One of the first things that you have to consider when you design an in-ground swimming pool is the depth. It is important to keep in mind that the way you build the pool will dictate the way that you use it. Be realistic about the function of the pool and design accordingly. As you start making your plans, there are 6 things to consider when choosing your pool depth.
- Is the pool going to be used for recreation, exercise, or both? Recreational pools must have a sizable shallow area and can be any shape. Most recreational pools are largely intended for children and should have optimal conditions for pool play. Lap pools must have long, straight, parallel lanes and a minimum depth of four to five feet.
- What shape are you selecting for the pool?

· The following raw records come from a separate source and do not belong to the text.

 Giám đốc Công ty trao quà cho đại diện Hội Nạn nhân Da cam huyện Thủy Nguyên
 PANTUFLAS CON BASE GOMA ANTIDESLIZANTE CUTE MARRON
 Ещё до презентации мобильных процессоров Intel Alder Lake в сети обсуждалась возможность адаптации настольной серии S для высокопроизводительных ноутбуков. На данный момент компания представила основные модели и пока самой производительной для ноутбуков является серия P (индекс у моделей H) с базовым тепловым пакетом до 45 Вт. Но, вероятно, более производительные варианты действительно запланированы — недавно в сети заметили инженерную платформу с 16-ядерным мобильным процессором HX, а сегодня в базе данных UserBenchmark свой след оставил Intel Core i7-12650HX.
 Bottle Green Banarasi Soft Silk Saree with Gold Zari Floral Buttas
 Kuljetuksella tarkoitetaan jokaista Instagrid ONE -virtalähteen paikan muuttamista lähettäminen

Property lots play a large role in determining the best shape for a pool. What will work well with the existing space? Don’t forget to consider the style of the house and yard as well when selecting a shape. Once you have determined the shape of the pool, it will be easier to focus on the depth.

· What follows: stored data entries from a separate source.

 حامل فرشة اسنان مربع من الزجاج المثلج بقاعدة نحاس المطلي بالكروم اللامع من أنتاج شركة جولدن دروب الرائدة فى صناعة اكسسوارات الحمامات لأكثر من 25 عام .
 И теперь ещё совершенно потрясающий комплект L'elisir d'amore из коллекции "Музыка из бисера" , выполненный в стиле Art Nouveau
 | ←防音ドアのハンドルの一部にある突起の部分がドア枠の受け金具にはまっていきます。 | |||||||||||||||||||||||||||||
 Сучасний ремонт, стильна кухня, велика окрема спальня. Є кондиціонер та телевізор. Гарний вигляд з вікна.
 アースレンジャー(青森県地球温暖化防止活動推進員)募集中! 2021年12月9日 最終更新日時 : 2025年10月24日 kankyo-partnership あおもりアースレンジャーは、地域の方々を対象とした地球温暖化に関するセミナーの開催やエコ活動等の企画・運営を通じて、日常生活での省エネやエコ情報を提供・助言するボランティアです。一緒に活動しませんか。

- What will be the size of the pool? Again, you must consider the function of the pool in order to determine a proper size. For example, a competitive swimmer should have a lap pool with a minimum of 25 yards in length.
- Are you interested in having water slides and/or diving boards? For many families, water slides and diving boards are attraction features to add to a pool. Keep in mind that most people spend 90 percent of their time in the water in 4.5 feet or shallower depths. While it may be worth installing one or both of these features, they will significantly impact the depth requirements for the pool.

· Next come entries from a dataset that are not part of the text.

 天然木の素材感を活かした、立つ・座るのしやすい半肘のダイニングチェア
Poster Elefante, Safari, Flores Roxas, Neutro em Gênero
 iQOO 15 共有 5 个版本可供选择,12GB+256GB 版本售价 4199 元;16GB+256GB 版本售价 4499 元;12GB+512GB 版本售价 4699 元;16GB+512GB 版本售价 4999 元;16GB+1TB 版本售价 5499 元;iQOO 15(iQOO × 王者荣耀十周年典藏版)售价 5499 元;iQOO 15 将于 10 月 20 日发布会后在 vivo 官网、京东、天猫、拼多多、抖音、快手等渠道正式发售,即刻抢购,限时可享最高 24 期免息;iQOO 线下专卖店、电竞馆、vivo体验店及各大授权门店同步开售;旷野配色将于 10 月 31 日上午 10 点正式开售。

- Will the pool be used by young children who would benefit from a wading area? Typically, it is most cost effective to purchase a separate wading pool for small children. When they are ready to move up to the big pool, they can make that transition.
- What budget are you operating with for your pool construction? The last of the 6 things to consider when choosing your pool depth is your budget. The biggest thing to think about in relation to depth is that deeper pools require more chemical treatments and additional pool maintenance.
How deep are you planning to make your pool? What was the rationale you used to come up with the number?